- EXERCISE GOAL -
Using the data below, set down every line from the one containing "Delle giacche rosse" through the one containing "- Ադրբեջանին կտրվեն", inclusive and unchanged. Pictures are to be skipped.

(Dataset entries)
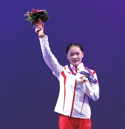 10月2日,在女子蹦床个人决赛中,胡译乘以55.790分获得一枚银牌,她的队友朱雪莹以56.720分夺冠。
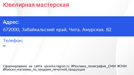 Ювелирная мастерская по адресу 672000, Забайкальский край, Чита, Амурская, 82 в дальнейшем Организация, размещена в следующих категориях:
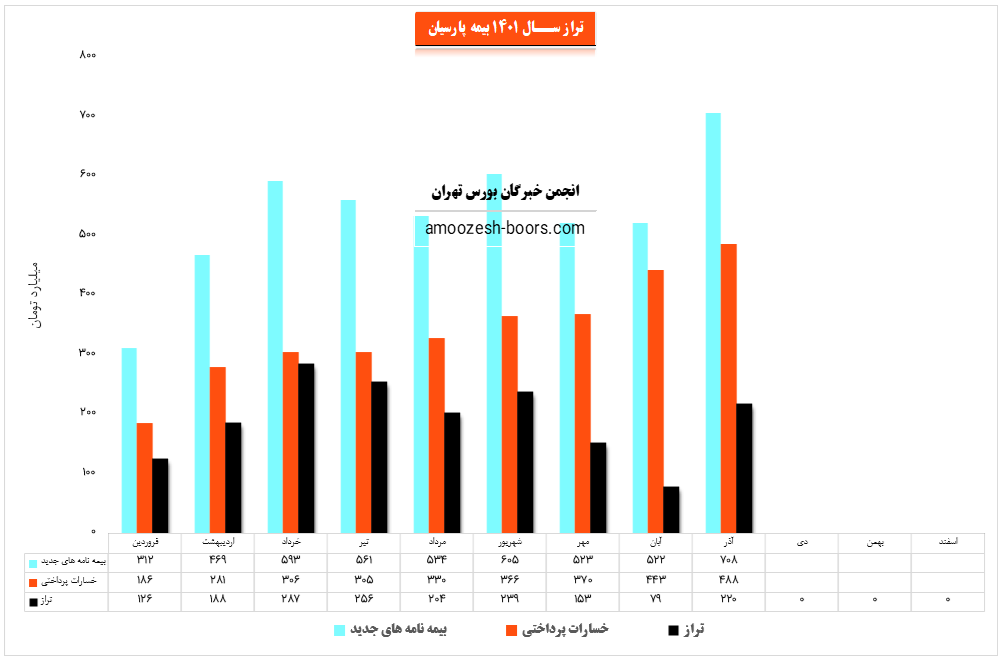 سهم پارسیان (شرکت بیمه پارسیان) در آذر ماه سال 1401 حدود مبلغ 708 میلیارد تومان بیمه نامه جدید صادر کرده که این میزان در مقایسه با ماه گذشته 36% رشد پیدا کرده است.
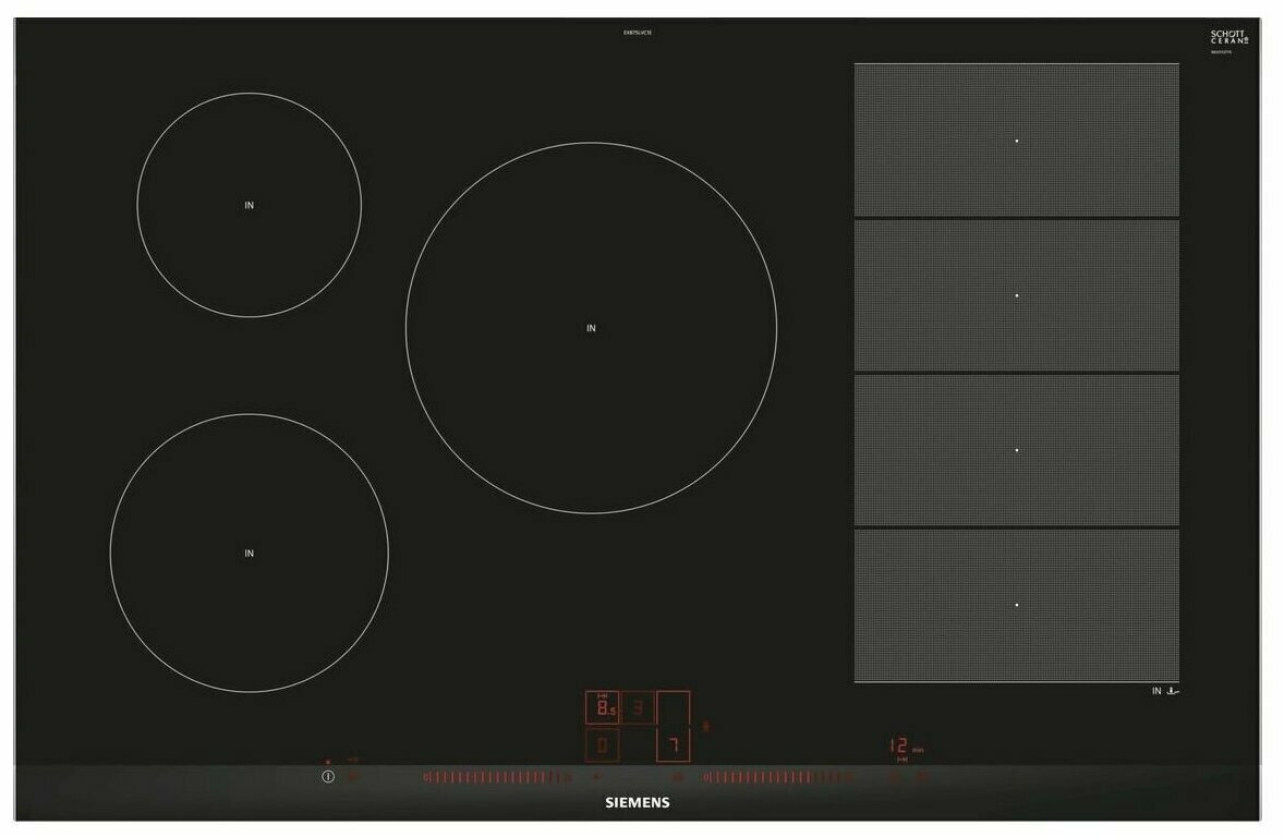 Индукционная варочная панель Siemens EX875LVC1E, с рамкой, цвет панели черный, цвет рамки серебристый интересное:
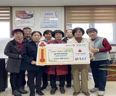 철원군 근남면 생활개선회에서는 11월 8일 근남면사무소를 방문해 “날씨가 추워지고 있어 힘든 시기를 보내고 있을 어려운 이웃을 위해 사용해 달라”며 성금 30만원을 근남면(면장 장미숙)에 전달했다.
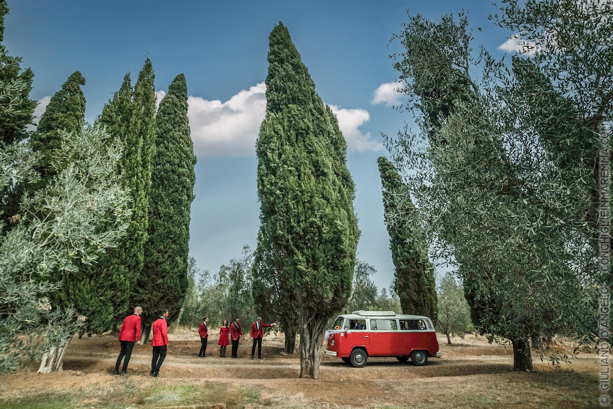 Delle giacche rosse in mezzo ad un oliveto e un viale di cipressi secolari sono sicuramente fotogeniche. A maggior ragione se dal viale sopraggiunge “fortuitamente” un Volkswagen westfalia dello stesso colore: passaggio assicurato.
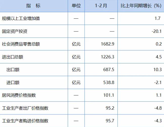 1-2月份,全省社会消费品零售总额1682.9亿元,同比增长0.2%。
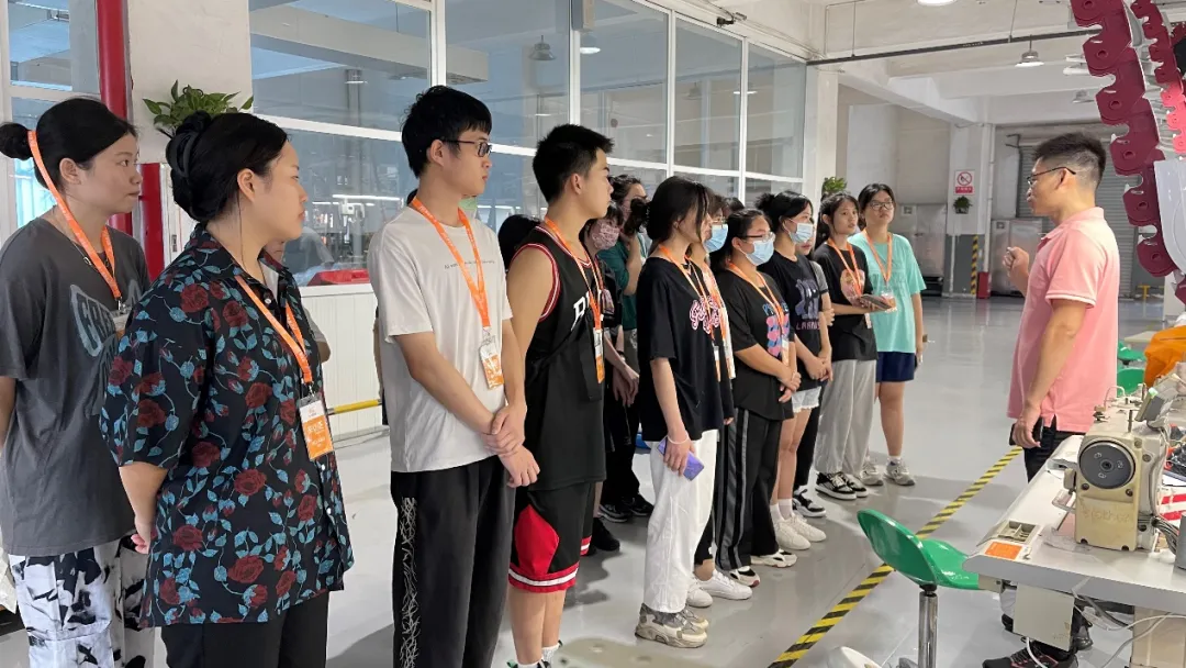 学生们有的加入了压粉的岗位、有的车缝起了口袋、有的帮忙加工帽绳、有的做起了大货质量检测的工作、还有的体验了一把包装的工作。
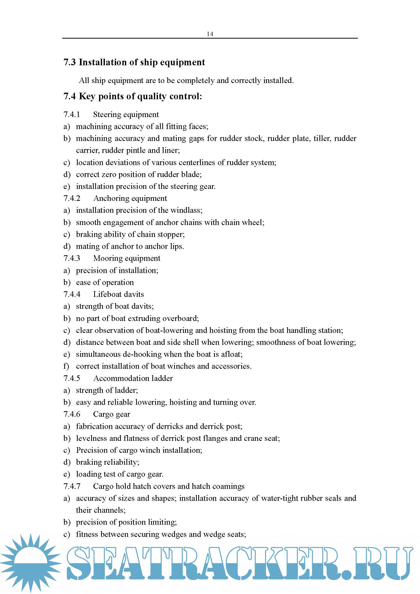 7.3 Installation of ship equipment……………………………………………………14
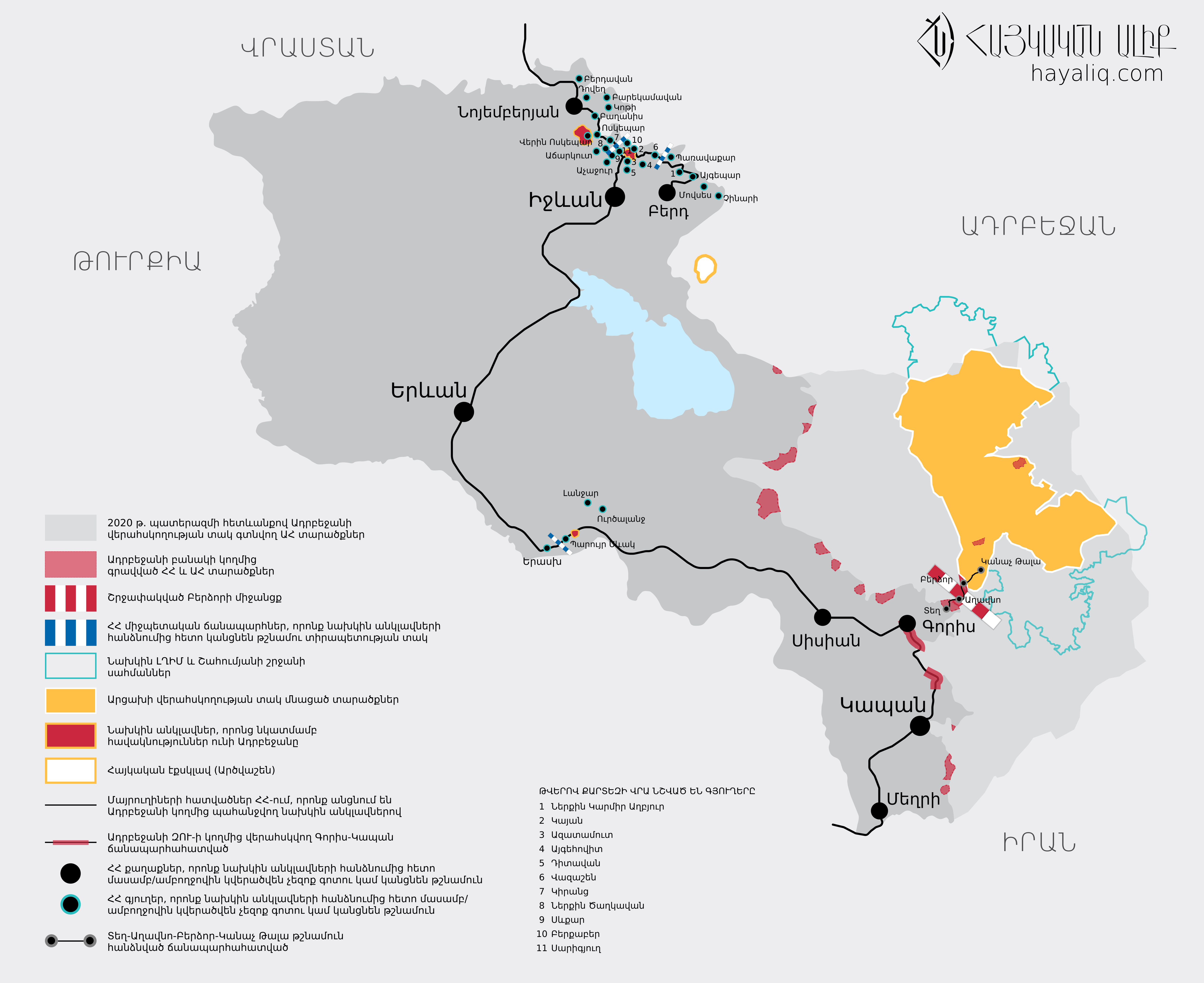 - Ադրբեջանին կտրվեն Հայաստան-Իրան և Հայաստան-Վրաստան միջպետական ճանապարհների մի քանի հատվածներ, հանրապետական և մարզային նշանակության ճանապարհներ Սյունիքում, Վայոց Ձորում, Գեղարքունիքում և Տավուշում։
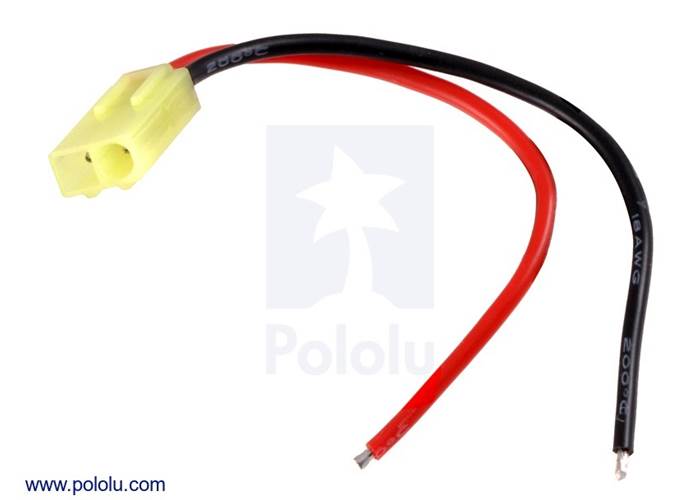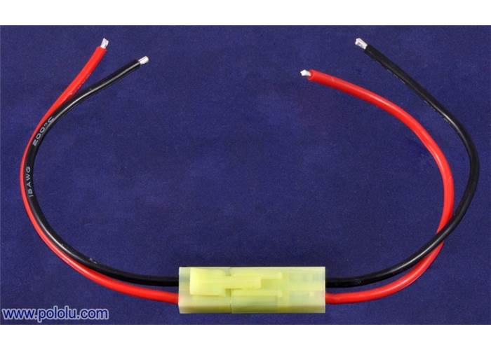 This is the male version of the connector (we also offer a matching female version). Two 10 cm 18-AWG wires are crimped inside the connector housing. The leads have silicone insulation and stripped, tinned terminations. As an alternative, we sell a mini Tamiya connector pack that includes housings and crimp pins you can use to attach these male connectors to your own wires.
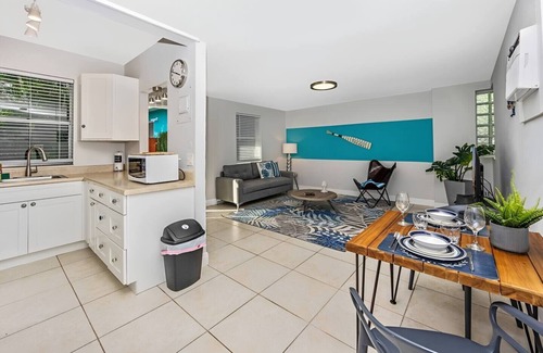 Relax in this charming 1-bedroom retreat just 4 minutes from Hollywood Beach. Ideal for couples or solo travelers, it features a cozy interior and a private patio with a gazebo—perfect for morning coffee or evening wine. Includes a full kitchen, fast Wi-Fi, smart lock entry, and free parking. Located in a quiet neighborhood close to shops, restaurants, and major roads.

- PROBLEM SOLUTION -
 Delle giacche rosse in mezzo ad un oliveto e un viale di cipressi secolari sono sicuramente fotogeniche. A maggior ragione se dal viale sopraggiunge “fortuitamente” un Volkswagen westfalia dello stesso colore: passaggio assicurato.
 1-2月份,全省社会消费品零售总额1682.9亿元,同比增长0.2%。
 学生们有的加入了压粉的岗位、有的车缝起了口袋、有的帮忙加工帽绳、有的做起了大货质量检测的工作、还有的体验了一把包装的工作。
 7.3 Installation of ship equipment……………………………………………………14
 - Ադրբեջանին կտրվեն Հայաստան-Իրան և Հայաստան-Վրաստան միջպետական ճանապարհների մի քանի հատվածներ, հանրապետական և մարզային նշանակության ճանապարհներ Սյունիքում, Վայոց Ձորում, Գեղարքունիքում և Տավուշում։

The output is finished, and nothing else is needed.